Gus Lott (2005) hooked the Mega32 video directly to his video capture card and produced this 8 Mbyte wmv file.He and his partner decided that 8-bit fractions caused too much granularity in the controls, so they used 24-bit fractional arithmetic. Basically, a realistic feeling g was around 0x0004-0x0006 so you only had 4 to 6 levels of manipulation around that g value with a thrust. This made it really hard to control. If you turned the dial to far, you were suddenly thrusting at many times the g level. This also produced some weird quantization noise after sin/cos scaling of the thrust. So they cast all of their floating point numbers into longs (24 fractional bits) and overlaid the direct 8 bit analog value of the A/D with the most significant bit left shifted 14 bits in the long. Then max thrust the user can give is 0x003fc000 with a g of 0x00040000 and a pixel at 0x01000000. Their arithmetic was, in reality, only 22 bit, but longs were the easiest way tohandle it in C. The extra precision made for real smooth manipulations, with 256 different thrust levels from 0 to +11g as opposed to approximately 20 thrust levels in the same range.
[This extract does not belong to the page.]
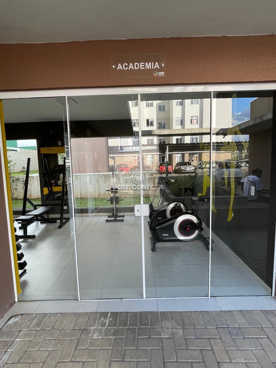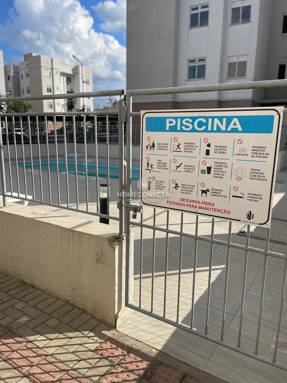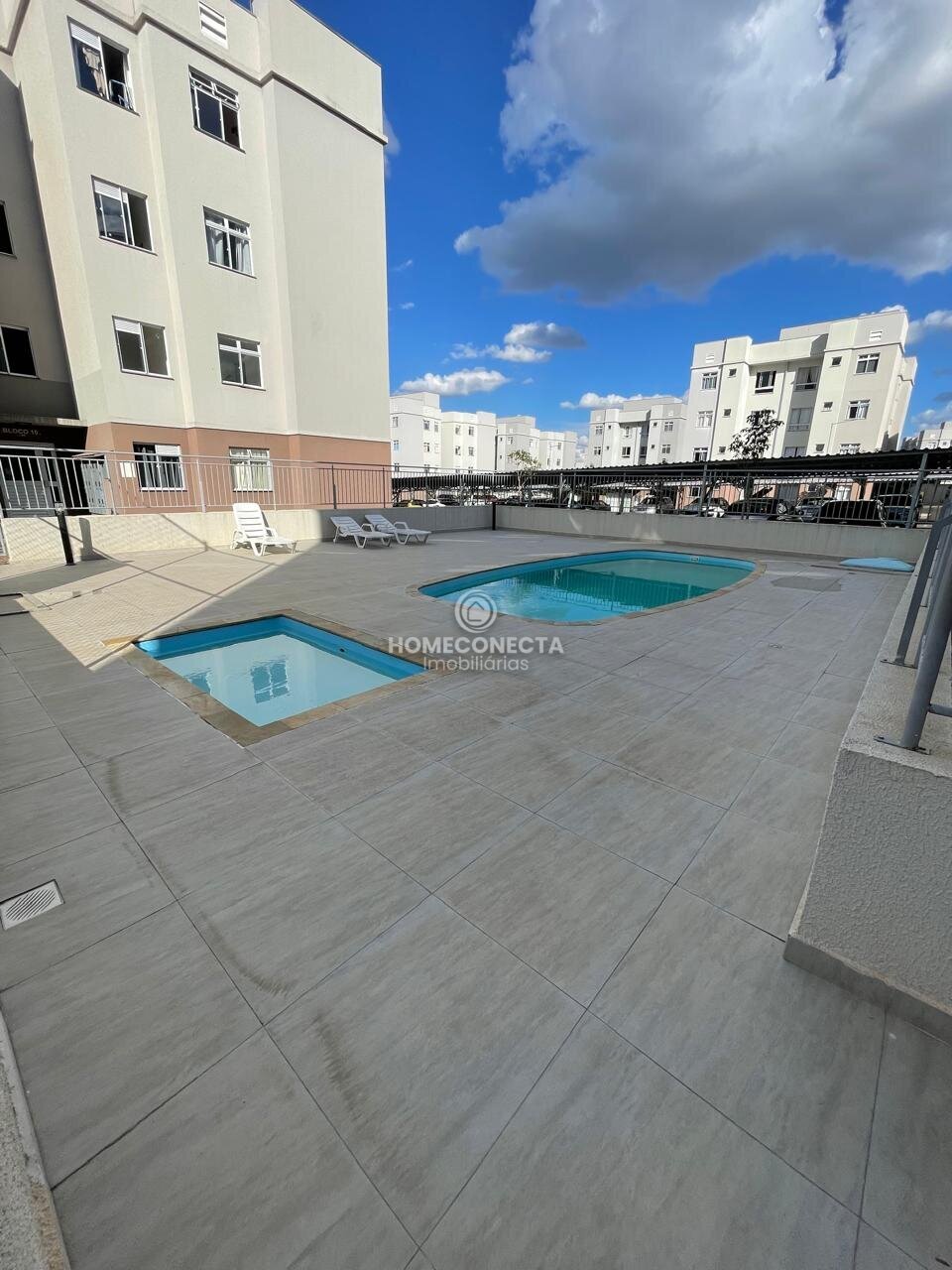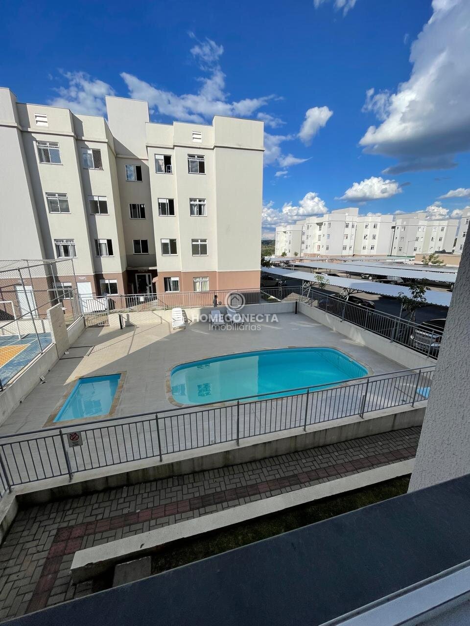 O condomínio conta com salão de festas, salão de jogos, mercado 24 horas, piscina, academia, quadra esportiva, espaço pet e sala de cinema, oferecendo lazer e comodidade para todos os moradores.
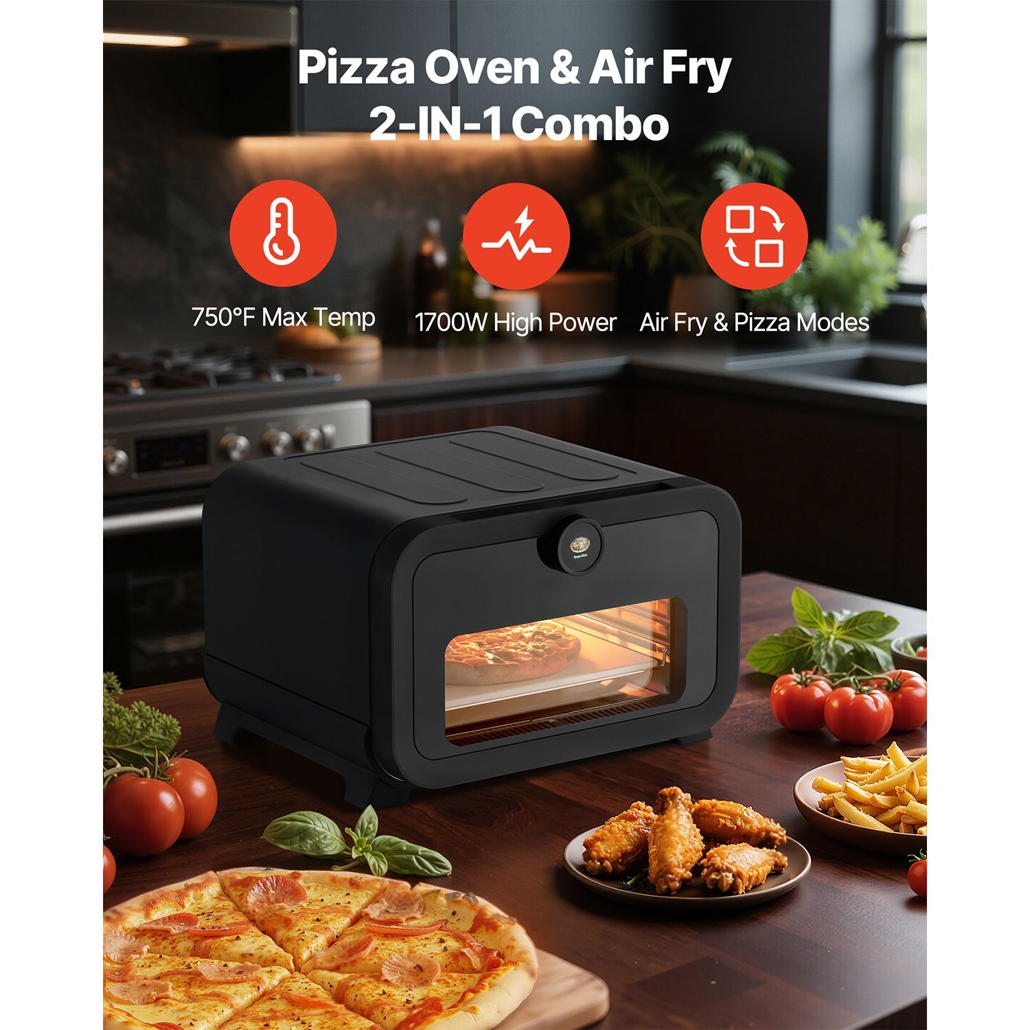 Pizza Oven, 8 Presets Electric Pizza Ovens Air Fry Combo, 12-Inch Indoor Pizza Maker Smart Knob Control , 750°F Max Temp, IPX4 Waterproof Countertop Pizza Cooker w/Pizza Stone,Fry Basket

Adam Papamarcos and Kerran Flanagan sent me this video from 2010.

Debugging hints are here.

Assignment

Write a program in C and assembler for the microcontroller with these specifications:

• At reset, the program should:
• draw an elementary landscape at the bottom of the TV screen. There should be at least three line segments, one of which must be level, and two sloped.
• set a running time clock to zero.
• start the lander in the upper-left corner of the screen with vx=10 pixels/sec and vy=0. You can vary this to make the game more playable, if necessary.
• At each frame, update the acceleration, velocity and position of the lander, and redraw the lander. The drawing of the lander need not be complicated, but must include an indication of the direction of the thruster.
• The running time clock should be updated once/sec.
• Lander attitude should be changed by two pushbuttons (clockwise and counterclockwise) with each press changing the attitude, θ, by 15 degrees. Attitude should be limited to +/- 90 degrees.
• The thrust available should be scaled to be about twice g (gravity) and be controlled by a potientiometer attached to the A/D converter.
• The initial fuel should be scaled to allow you to land with very little extra.
• The game ends when you crash or when you land, or if you go off the screen. There should be appropriate loser messages displayed if you crash or go off screen. There should be an winner message displayed if you land.
• Sucessful landing occurs if you reach a level spot on the surface, with very low horizontal velocity and low vertical velocity. Horizontal velocity must be below 0.5 pixel/sec and veritcal velocity less than 2 pixels/sec. These values are open to negotiation.
• There should be no video artifacts (rolling, tearing, flickering) during operation.
• Optionally, you could also compute total remaining fuel and update an fuel indicator and sound a warning if the fuel level falls to 10% of the initial fuel

When you demonstrate the program to a staff member, you should exercise all the lander functions.
You should be able to actually land your craft. Your program should not need to be reset during the demo.

Your written lab report should include the sections mentioned in the policy page, and :

• The scheme you used to coordinate video and the ADC.
• The details of your integration algorithm.
• An image from the TV (bring your camera).
• A heavily commented listing of your code.